### Task instructions
Before copying, set the pictures aside; then repeat every line below verbatim.

### Given information
*** Block opens ***
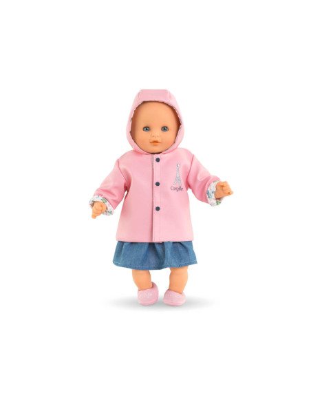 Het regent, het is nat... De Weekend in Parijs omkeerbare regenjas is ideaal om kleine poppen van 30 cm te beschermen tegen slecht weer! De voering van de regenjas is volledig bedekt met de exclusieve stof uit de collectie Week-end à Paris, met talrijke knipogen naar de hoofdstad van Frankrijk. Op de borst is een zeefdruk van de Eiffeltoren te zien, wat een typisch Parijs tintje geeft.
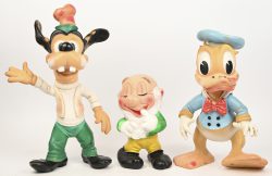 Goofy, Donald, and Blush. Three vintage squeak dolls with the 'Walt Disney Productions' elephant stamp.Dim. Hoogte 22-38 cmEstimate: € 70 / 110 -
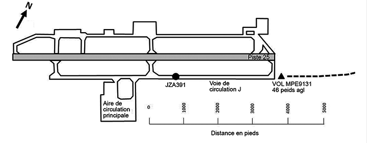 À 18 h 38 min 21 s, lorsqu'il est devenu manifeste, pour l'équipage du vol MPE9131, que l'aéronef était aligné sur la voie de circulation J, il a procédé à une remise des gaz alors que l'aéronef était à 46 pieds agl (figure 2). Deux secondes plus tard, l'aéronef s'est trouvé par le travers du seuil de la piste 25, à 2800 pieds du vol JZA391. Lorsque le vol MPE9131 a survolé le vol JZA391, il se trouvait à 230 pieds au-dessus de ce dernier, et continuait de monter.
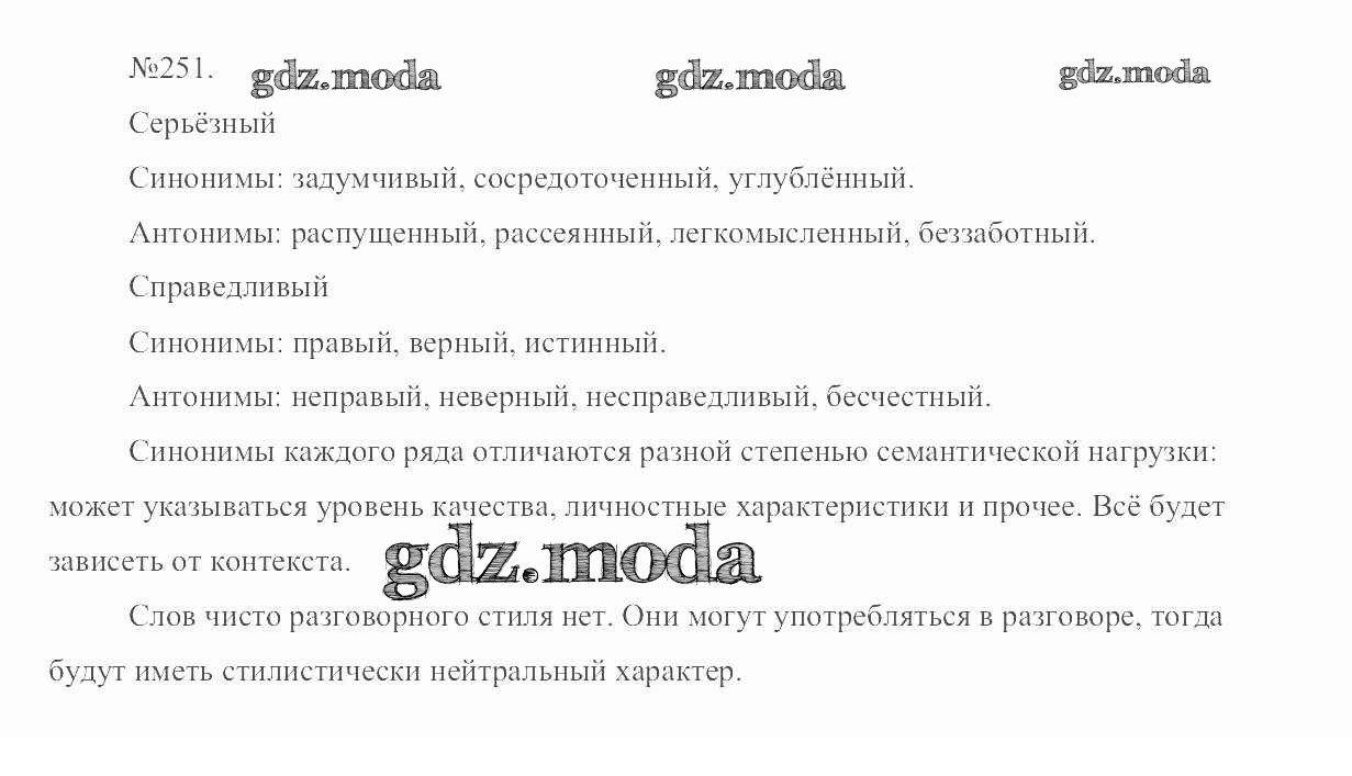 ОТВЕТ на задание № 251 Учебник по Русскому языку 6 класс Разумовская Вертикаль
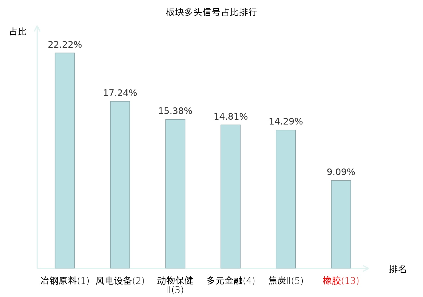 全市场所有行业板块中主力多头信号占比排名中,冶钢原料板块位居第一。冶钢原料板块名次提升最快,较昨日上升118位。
*** Block closes ***
### Answer for the task
 Het regent, het is nat... De Weekend in Parijs omkeerbare regenjas is ideaal om kleine poppen van 30 cm te beschermen tegen slecht weer! De voering van de regenjas is volledig bedekt met de exclusieve stof uit de collectie Week-end à Paris, met talrijke knipogen naar de hoofdstad van Frankrijk. Op de borst is een zeefdruk van de Eiffeltoren te zien, wat een typisch Parijs tintje geeft.
 Goofy, Donald, and Blush. Three vintage squeak dolls with the 'Walt Disney Productions' elephant stamp.Dim. Hoogte 22-38 cmEstimate: € 70 / 110 -
 À 18 h 38 min 21 s, lorsqu'il est devenu manifeste, pour l'équipage du vol MPE9131, que l'aéronef était aligné sur la voie de circulation J, il a procédé à une remise des gaz alors que l'aéronef était à 46 pieds agl (figure 2). Deux secondes plus tard, l'aéronef s'est trouvé par le travers du seuil de la piste 25, à 2800 pieds du vol JZA391. Lorsque le vol MPE9131 a survolé le vol JZA391, il se trouvait à 230 pieds au-dessus de ce dernier, et continuait de monter.
 ОТВЕТ на задание № 251 Учебник по Русскому языку 6 класс Разумовская Вертикаль
 全市场所有行业板块中主力多头信号占比排名中,冶钢原料板块位居第一。冶钢原料板块名次提升最快,较昨日上升118位。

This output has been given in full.